Unfortunately, the effectiveness of simulated annealing doesn't only depend upon the cooling rates; poor choices for the initial temperature, the step length and its rate of reduction, the number of steps per round and the number of rounds can all also significantly impact it. Even more distressing is the fact that there is no rigorous method for choosing them so that the algorithm will get close to the global minimum within a reasonable number of evaluations of the function that we are trying to minimise.
Rather than pull them from thin air, however, we can at least derive them from some more slightly tangible indicators of the algorithm's behaviour.
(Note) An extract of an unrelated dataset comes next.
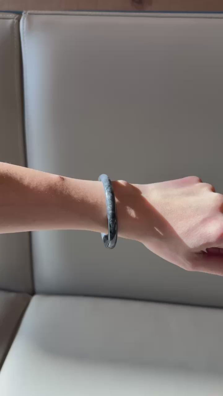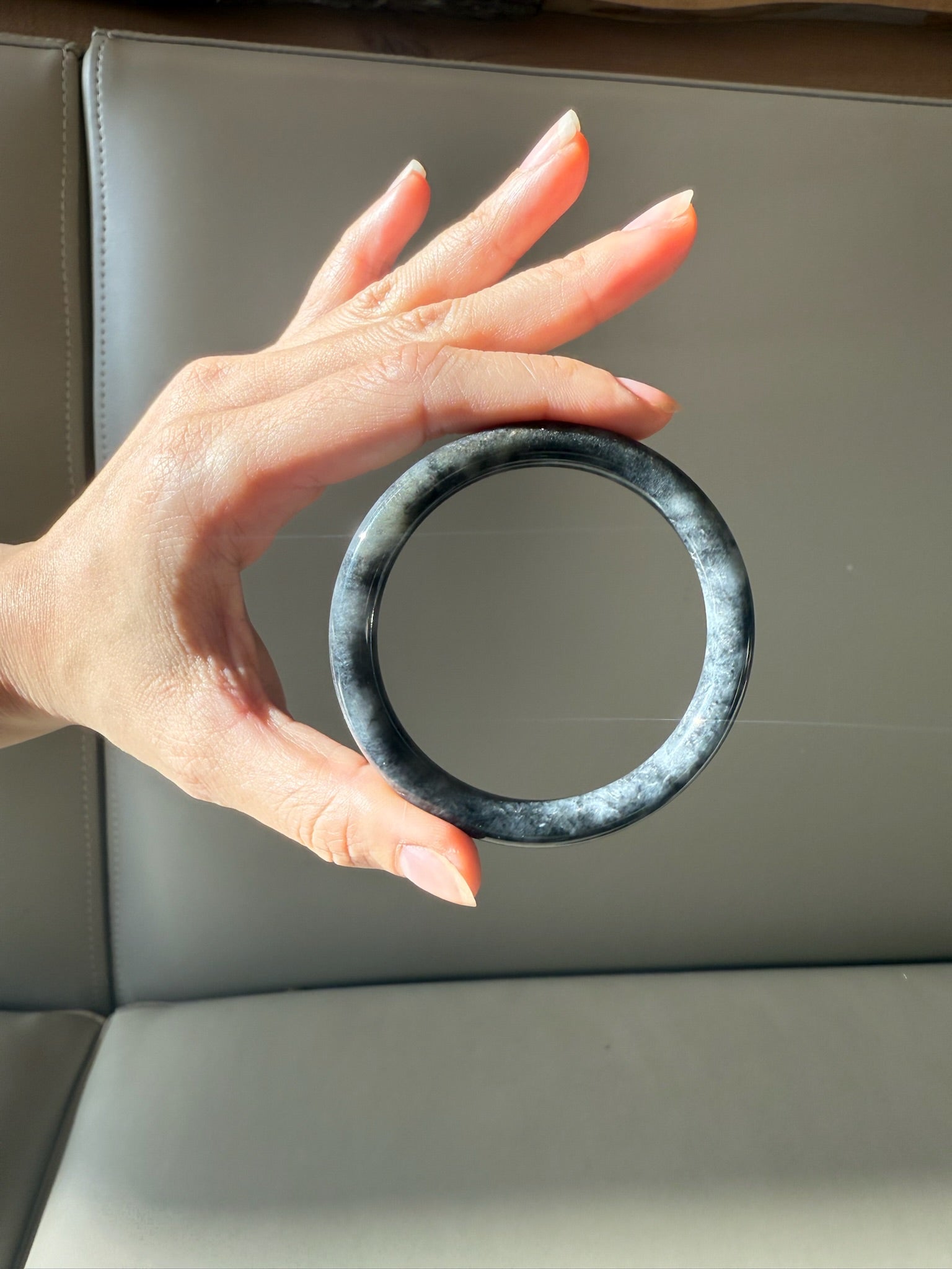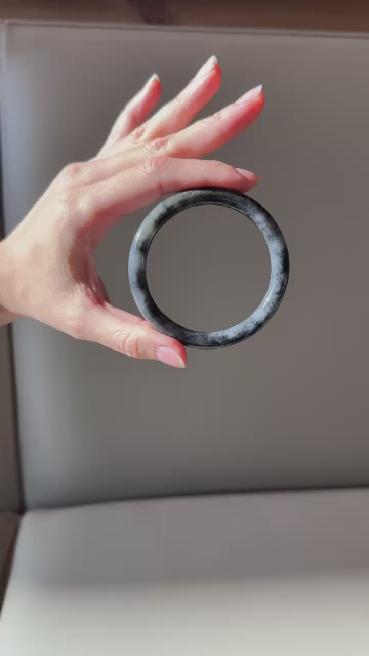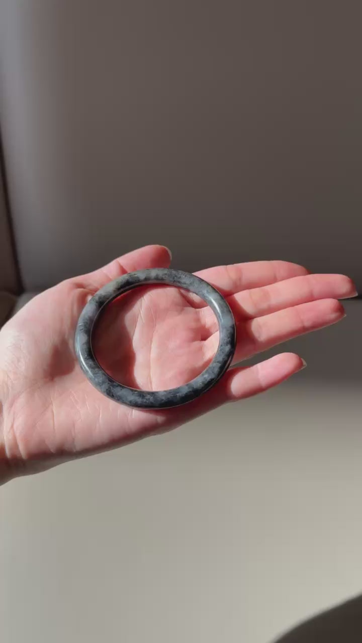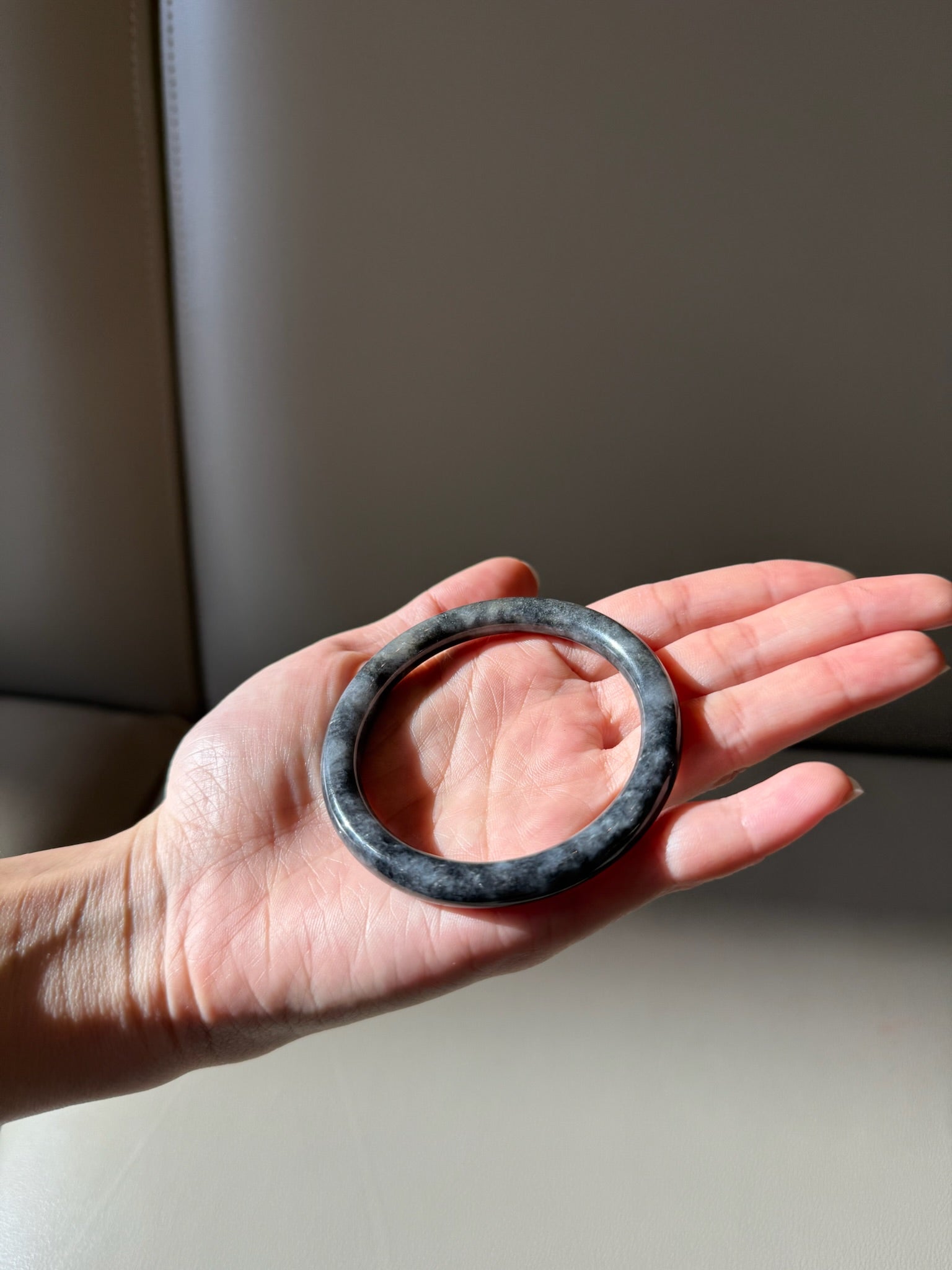 60mm Burmese Marbled Black and Gray Jadeite Bangle

First of all, we need to specify how many function evaluations we can afford to make and how many rounds we want to run, which we shall call $$n^\prime$$ and $$k$$ respectively. Given these, the number of steps per round will be
$n = \bigg\lfloor\frac{n^\prime}{k}\bigg\rfloor$
where the odd shaped brackets stand for the largest integer less than or equal to the value that they enclose.
Secondly, we need to choose how far we can step away from the initial value of the starting point in the most extreme possible cases in the first and last rounds, $$D_0$$ and $$D_{k-1}$$. From this we we can compute the initial step length with
$d_0 = \frac{D_0}{n}$
and the rate at which we shrink the step length after each round with
$r^\prime_d = \left(\frac{D_{k-1}}{D_0}\right)^\tfrac{1}{k-1}$
Note that for multivariate functions we should do this separately for each element of their vector arguments.
Thirdly, we need to decide how much of an increase in the value of the function we would accept with fifty percent probability at the start of the first and last rounds, $$\Delta_0$$ and $$\Delta_{k-1}$$, from which we can derive the initial temperature $$t_0$$ with
\begin{align*} e^{-\tfrac{\Delta_0}{t_0}} &= \tfrac12\\ -\frac{\Delta_0}{t_0} &= -\ln 2\\ t_0 &= \frac{\Delta_0}{\ln 2} \end{align*}
and the cooling rate between rounds with
$r^\prime_t = \left(\frac{\Delta_{k-1}}{\Delta_0}\right)^\tfrac{1}{k-1}$
Finally, we must decide upon the increase that we would accept with fifty percent probability on the very last step of the minimisation, $$\Delta_\infty$$, with which we can calculate the cooling rate within each round by
$r_t = \left(\frac{\Delta_\infty}{\Delta_{k-1}}\right)^\tfrac{1}{n-1}$
Now I must admit that whilst I'm personally more comfortable thinking in terms of these properties of the algorithm rather than the more abstract concepts of temperature, cooling rates and such, I still have no idea how to choose them so that it will find a near globally minimal point in a reasonable number of steps.

References

[1] It's All Downhill From Here, www.thusspakeak.com, 2014.

[2] The Tripods Are Coming!, www.thusspakeak.com, 2015.

[3] The Tripods Are Here!, www.thusspakeak.com, 2015.

[4] Kirkpatrick, S., Gelatt Jr, C. & Vecchi, M., Optimization by Simulated Annealing, Science, Vol. 220, No. 4598, pp. 671-680, 1983.